Tournée d'adieux


Qu’est-ce qu’une tournée d’adieux, si ce n’est des aux-revoir à répétition, des aux-revoir bien orchestrés ? Ce soir, le clown rentre en piste, pour une des dernières fois, une tournée d’adieux, ce sont des adieux à épisodes, succession d’adieux…

Ce soir, le clown s’en va, pourquoi ? Pour où ? Comment ?
S’en va-t-il parce que son nez rouge lui pèse trop ?
Parce que ce nez rouge est trop mûr ?
Parce que ce nez rouge vire au noir ? 

Non. Il n’y a pas de clown noir, il y a des augustes, il y a des clowns blancs, mais non, pas de nez noir chez les augustes.

S’en va-t-il par lassitude des peintures de guerre ? Non plus.

Il s’en va parce que…. Pour comprendre cela faudrait-il encore comprendre les clowns. C’est quoi un clown ? Personnage restant dans l’anonymat, caché derrière un masque de peinture, un grand sourire peint sur le visage, des sourcils hilarants, un nez rouge, des cheveux dans tous les sens, un habit de lumière, des chaussures pour faire des grands pas, mais au fond, qui est-il vraiment ? Il fait rire, mais ces rires s’arrêtent à son apparence, mais ces rires ne vont pas chercher plus loin, jusqu’à la profondeur de la souffrance, mais ces rires ne sont communicatifs que dans un sens, le clown est là pour faire rire sans que personne ne sache qui il est vraiment. Un peu comme un intermittent du spectacle de la vie, qu’on appelle pour rire, pour se rassurer, il est si ridicule, si ballot dans son apparence, puis on l’oublie, il disparait dans le décor, un courant d’air…. Alors oui, le clown s’en va, le clown dit adieu, le clown tire un trait, il part, et avant de partir, il rentre, une dernière fois, sur la piste, la gorge serrée, la gorge nouée comme tout à l’heure dans sa roulotte, lorsque d’une main plus très assurée il a dessiné d’un geste mécanique le contour de son sourire, le contour de son nez rouge, la courbe de ses sourcils. Dans une démarche moins chaloupée que d’ordinaire, ses grandes chaussures ont heurté le bord de la piste, déclenchant l’hilarité ; Il a déroulé son spectacle avec les mêmes effets tant usités depuis tant de temps. S’il avait été un comique, un comique sonore, s’eut été des jeux de mots, s’eut été des expressions sorties de son dictionnaire personnel aux pages élimées, qui font sourire, sans savoir si les sourires sont de complaisance, de compassion ou sincères.
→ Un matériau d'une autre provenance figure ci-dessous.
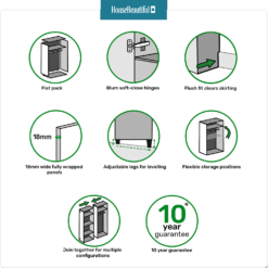 The House Beautiful range is exclusive to Homebase and offers a selection of different finishes and storage configurations to suit your needs. With a range of carcass colours and contrasting door designs, you can select the look to fit your bedroom aesthetic. The House Beautiful range now includes the fully fitted look with this combination pack which includes the wardrobe, end panels, plinth and cornice, meaning you can complete your bedroom with a luxury look. Coordinating chests of drawers are also available separately. This triple wardrobe (1 x double unit and 1 x single unit) features a grey internal carcass and includes end panels, plinth and matching cornice all in a finish to match the beautiful luxe gloss white slab doors. The wardrobe features premium soft close clip-on Blum hinges, two shelves and two hanging rails. You can customise your wardrobe with our additional internal storage options (available separately) including internal drawers, shelves, dividing shelves and extra hanging rails. Choose your handles from our range of both traditional and modern to suit your desired look.
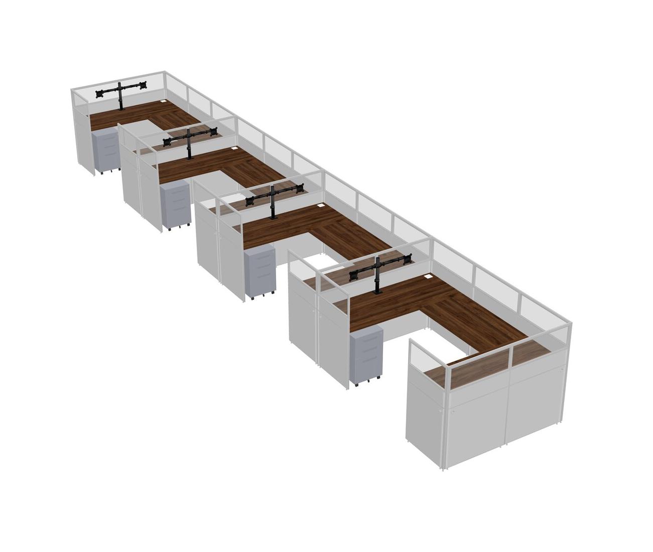 Columbia Walnut U-shaped Panel System For 4 Person + Monitor Arm (double Arms) + Metal Mobile Drawers For 4 User(s)
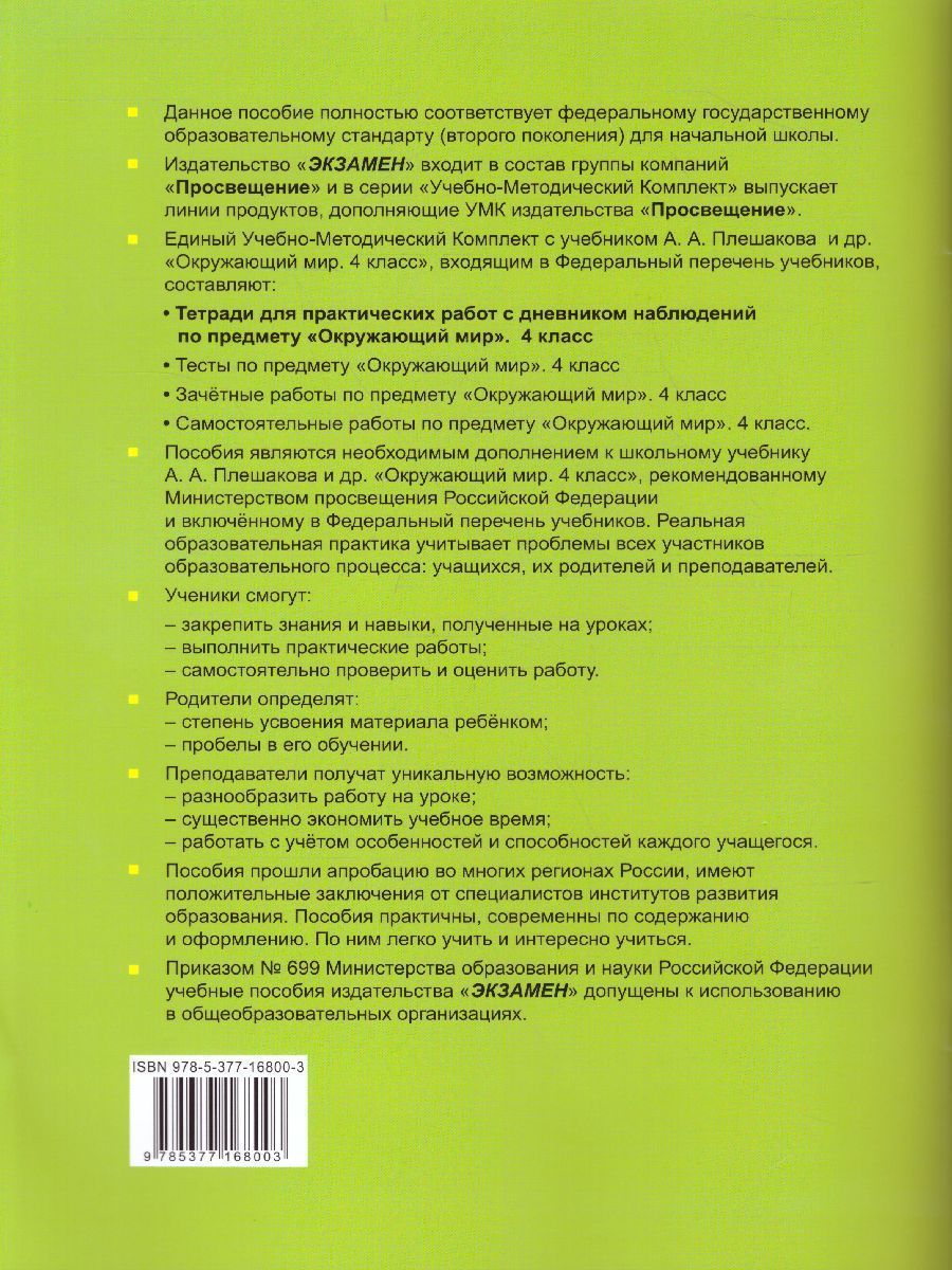 Окружающий мир 4 класс. Тетрадь для практических работ с дневников наблюдений. Часть 1. ФГОС
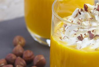 - Servite la crema di zucca nei bicchierini, guarnendo con la spuma di robiola e la granella di nocciole.
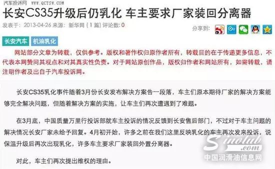 而据新华网在2013年的报道显示,不少车主表示取消旋风式油气分离器后,车辆反映动力下降,提速明显不足,多次出现起步灭车。而且水进入发动机后导致机油润滑效果下降,发动机磨损特别严重等等,由此可见当年长安CS35对于机油乳化问题并没有完全解决。
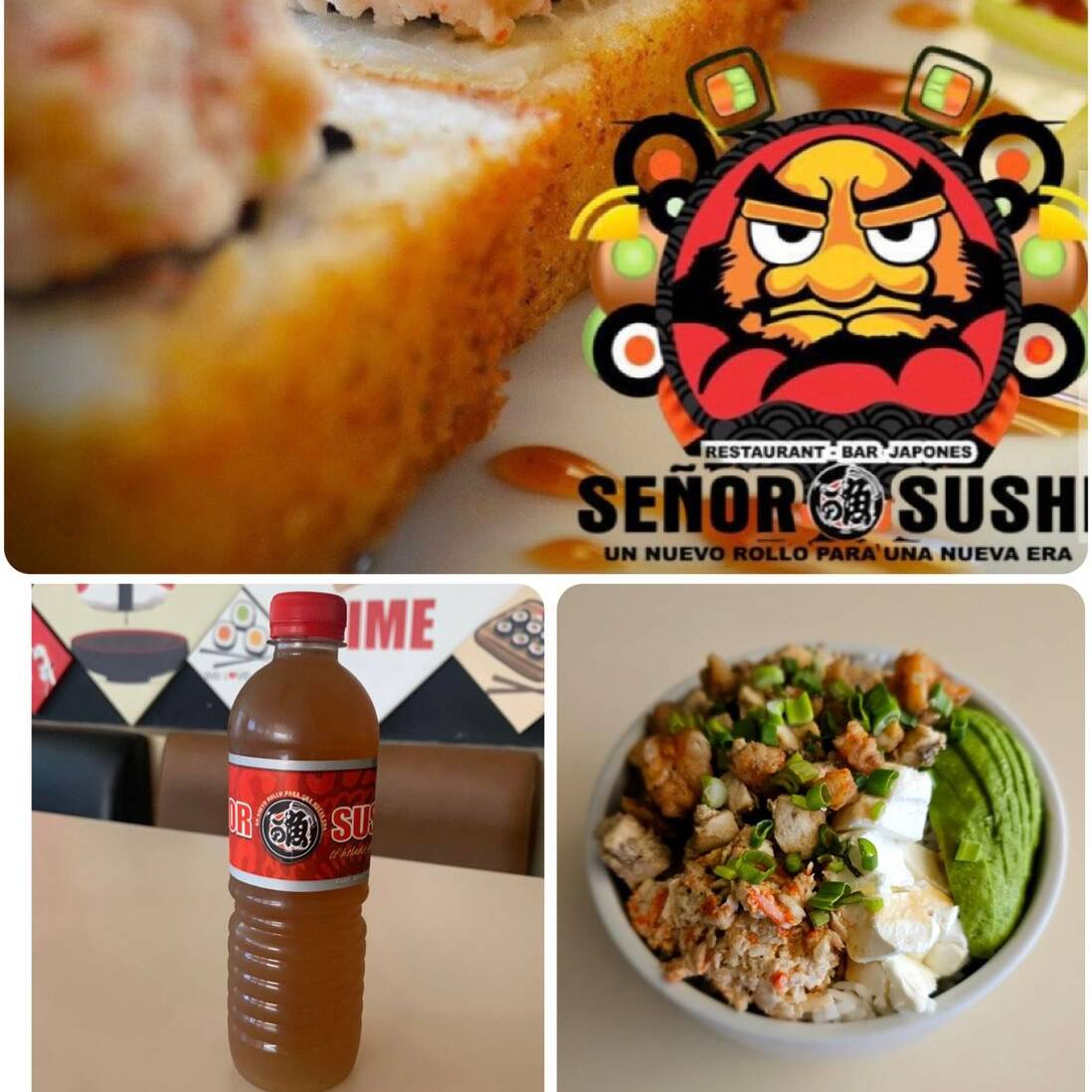 Preparado con arroz blanco al vapor con res de 300gr, camarón, pollo, Tampico, queso philadelphia, aguacate, cebollín y salsa anguila.

Voilà, de tout cela, le clown en a marre, le clown en a assez, de tout cela le clown n’en veut plus. Et ce soir, le clown tire un trait. Oh, bien sûr, il y aura plusieurs traits, plusieurs dates, plusieurs salles, plusieurs villes, plusieurs cirques, plusieurs spectacles, mais, le clown s’en va.

Chapeau bas l’artiste, et si tu quittes cette toile, jaune et bleu, bleu et rouge, jaune et rouge, ces odeurs de ménageries, de fauve, cette pise de sciure et de sable, puisse le grand cirque de la vie avec sa voute étoilée t’accueillir, puisse tu t’exprimer vraiment, puisses-tu partager, puisses-tu échanger, et surtout recevoir, le juste retour, une vraie communication, puisse ton âme longtemps vivre et être heureuse sans se cacher sous le masque des peintures, sans ces chaussures trop grandes, parce que la vie s’avance à petit pas, parce qu’on fait toujours, un pas après l’autre…

Et oui, ce soir, le clown s’en va. Adieu l’artiste.